#### Data records:
◆ ◆ ◆ ◆
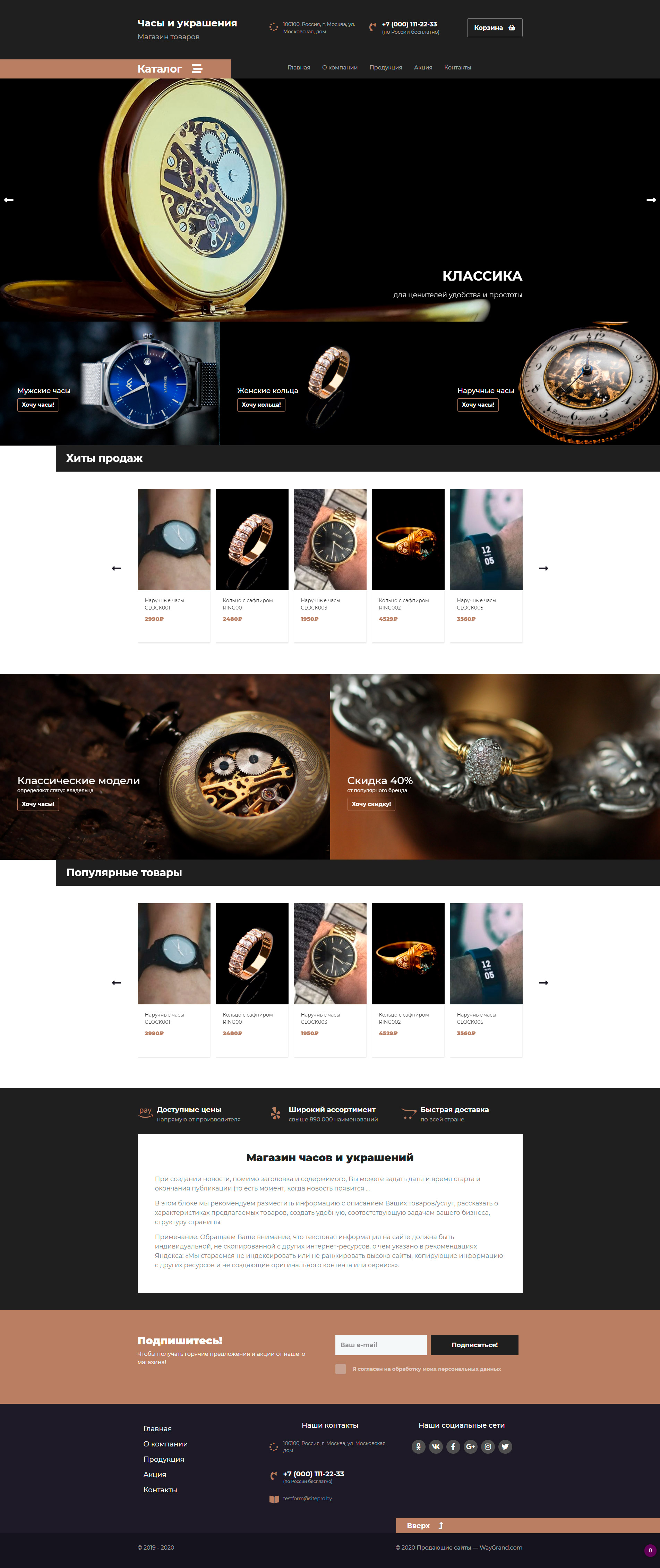 Закажите готовый продающий сайт лендинг #2437201 в Магнитогорске за 1-3 дня «под ключ»: свёрстан, отрисован и готов к рекламе. Тематика шаблона «Часы и украшения».
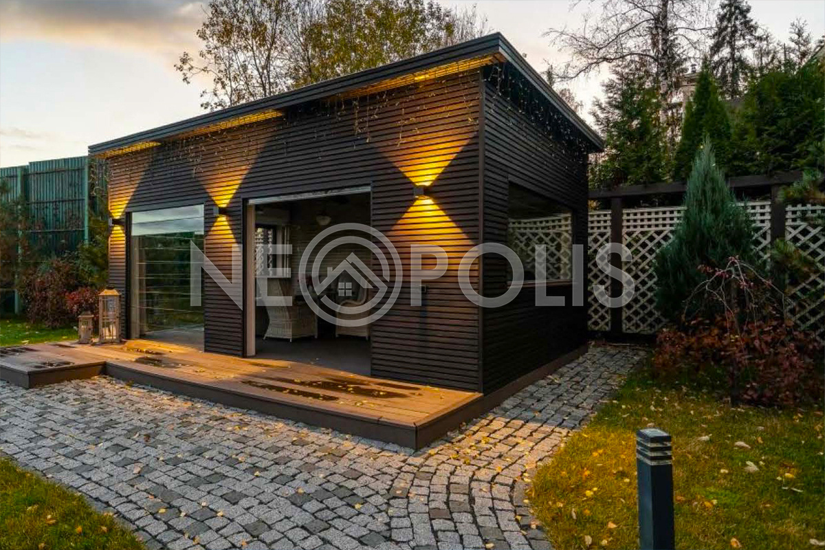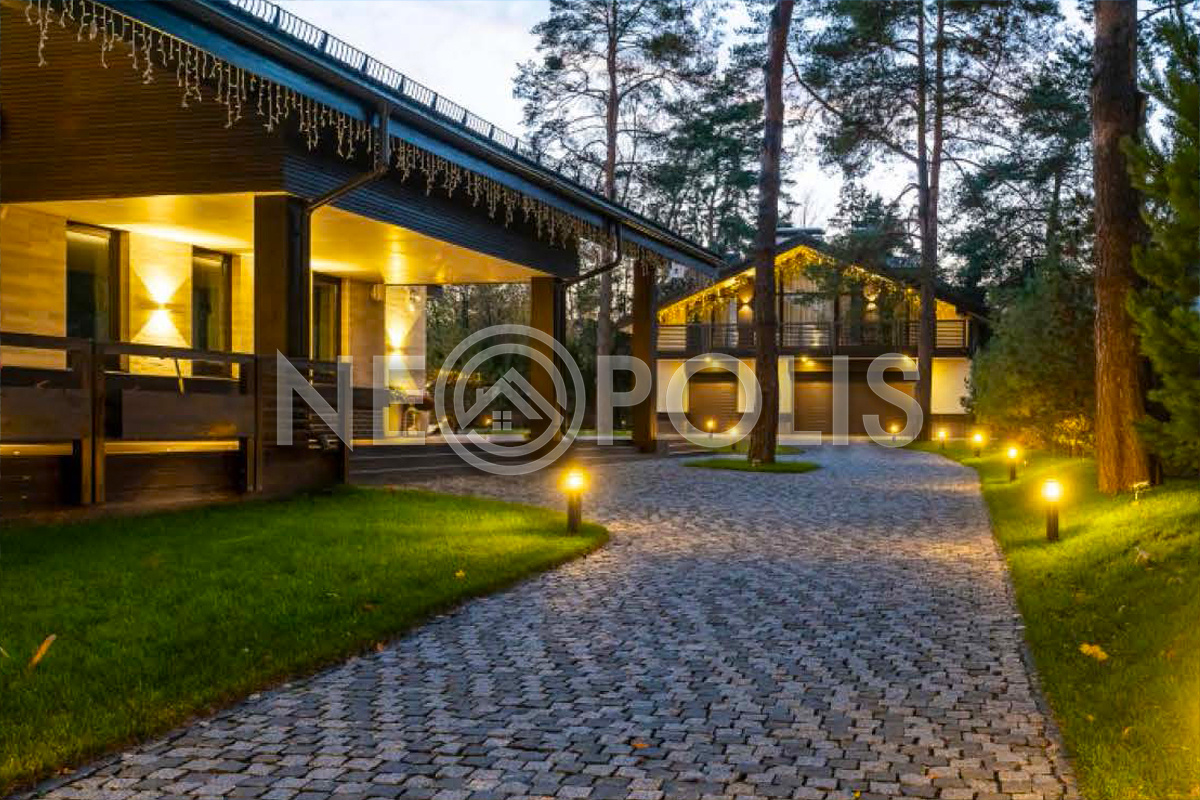Просторный участок с хвойными и лиственными деревьями, выполнен дренаж, смонтировано уличное освещение, установлена система автоматического полива.
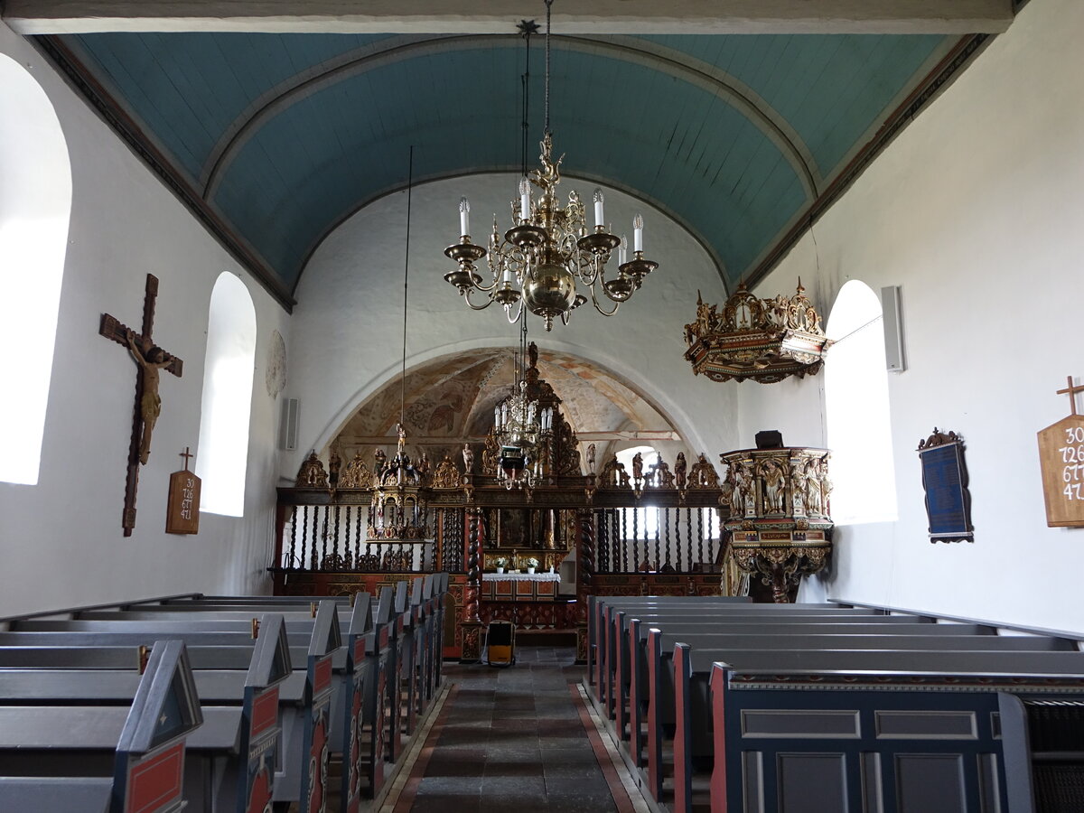 Øster Kippinge, Innenraum der evangelischen Kirche, Chorgitter von 1650 mit Skulpturen von Adam und Eva und Gemälden von Hans Lauridsen (18.07.2021)
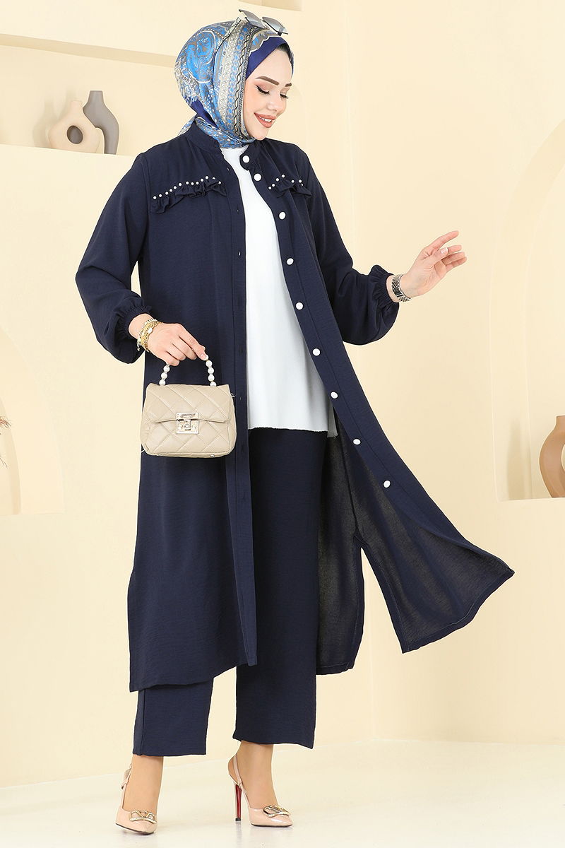 Ürün Özelliği : Yeni sezon tesettür moda ürünüdür. Ürün Yarım Hakim yakadır. Ürün Önden düğmelidir. Tunik yandan yırtmaçlıdır.. Astarsızdır. İnci detayları çakımdır. Bluz ürüne dahil değildir. Ürün kullanım amacını göstermek için bluz ile örnek kombin yapılmıştır. Pantolon beli lastiklidir. Manşeti lastiklidir. Konsept fotoğraf çekimlerinden dolayı üründe ton farklılığı olabilir.
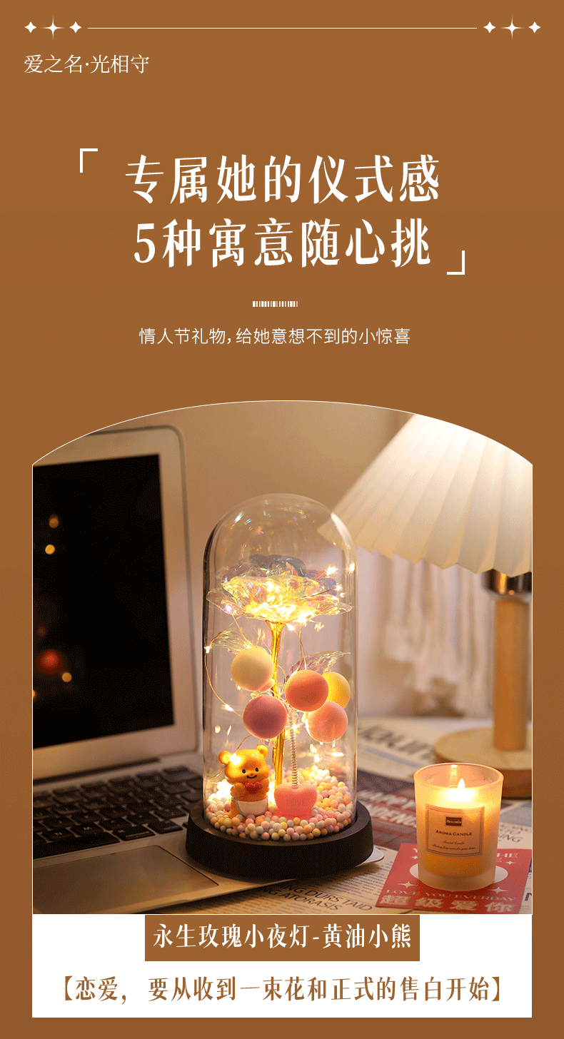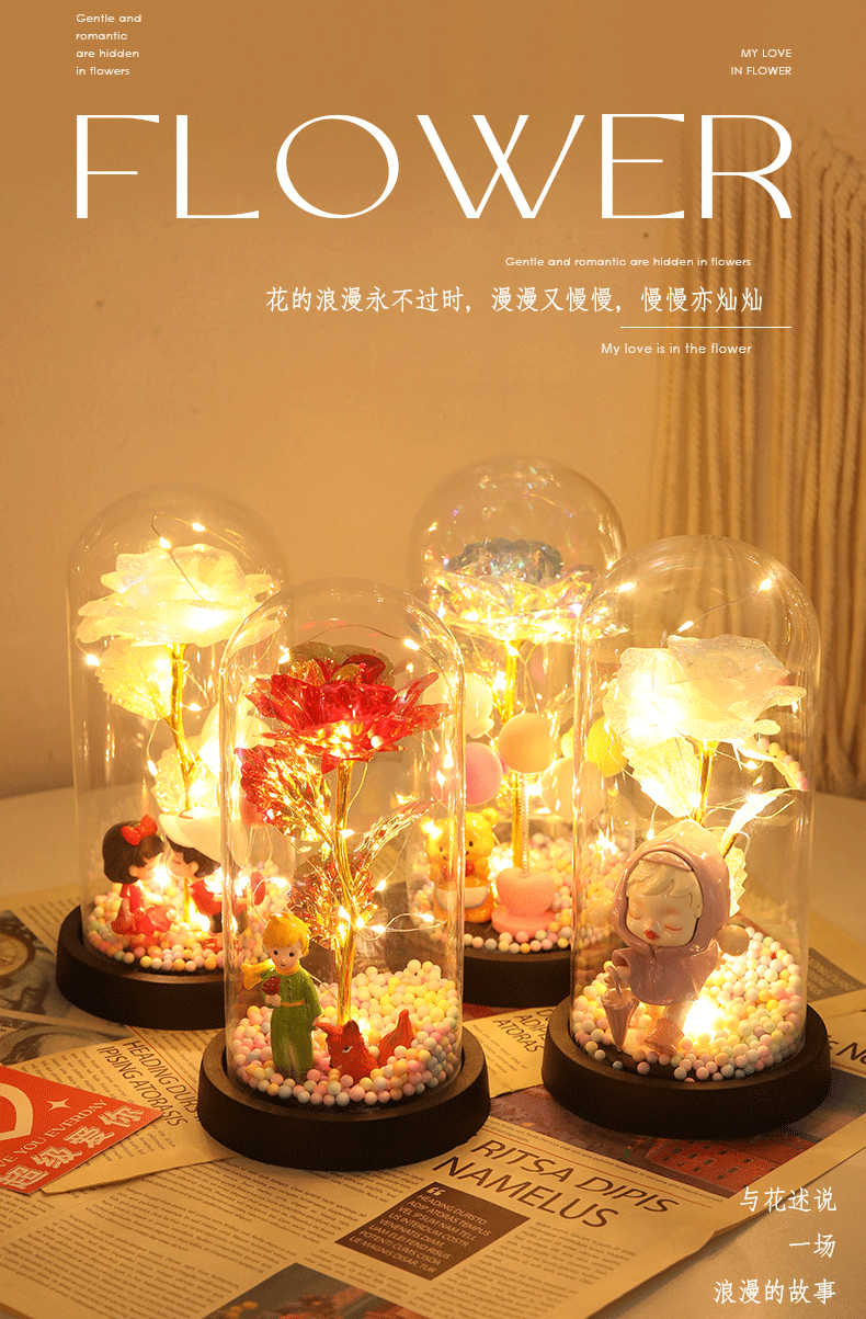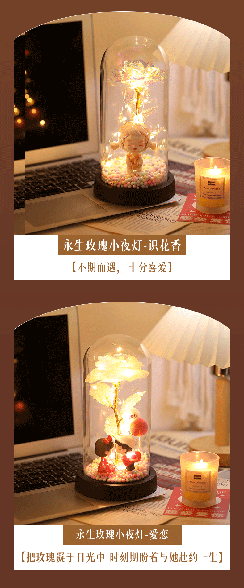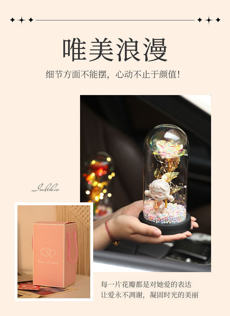 情人节优选!【花永生,爱永恒~】七夕情人节礼物 送女朋友生日礼物 实用玻璃罩摆件 高级感母亲节礼物 教师节礼物-QB
◆ ◆ ◆ ◆
#### Your assignment:
Return the listing above unchanged, apart from dropping its pictures.

#### Response:
 Закажите готовый продающий сайт лендинг #2437201 в Магнитогорске за 1-3 дня «под ключ»: свёрстан, отрисован и готов к рекламе. Тематика шаблона «Часы и украшения».
Просторный участок с хвойными и лиственными деревьями, выполнен дренаж, смонтировано уличное освещение, установлена система автоматического полива.
 Øster Kippinge, Innenraum der evangelischen Kirche, Chorgitter von 1650 mit Skulpturen von Adam und Eva und Gemälden von Hans Lauridsen (18.07.2021)
 Ürün Özelliği : Yeni sezon tesettür moda ürünüdür. Ürün Yarım Hakim yakadır. Ürün Önden düğmelidir. Tunik yandan yırtmaçlıdır.. Astarsızdır. İnci detayları çakımdır. Bluz ürüne dahil değildir. Ürün kullanım amacını göstermek için bluz ile örnek kombin yapılmıştır. Pantolon beli lastiklidir. Manşeti lastiklidir. Konsept fotoğraf çekimlerinden dolayı üründe ton farklılığı olabilir.
 情人节优选!【花永生,爱永恒~】七夕情人节礼物 送女朋友生日礼物 实用玻璃罩摆件 高级感母亲节礼物 教师节礼物-QB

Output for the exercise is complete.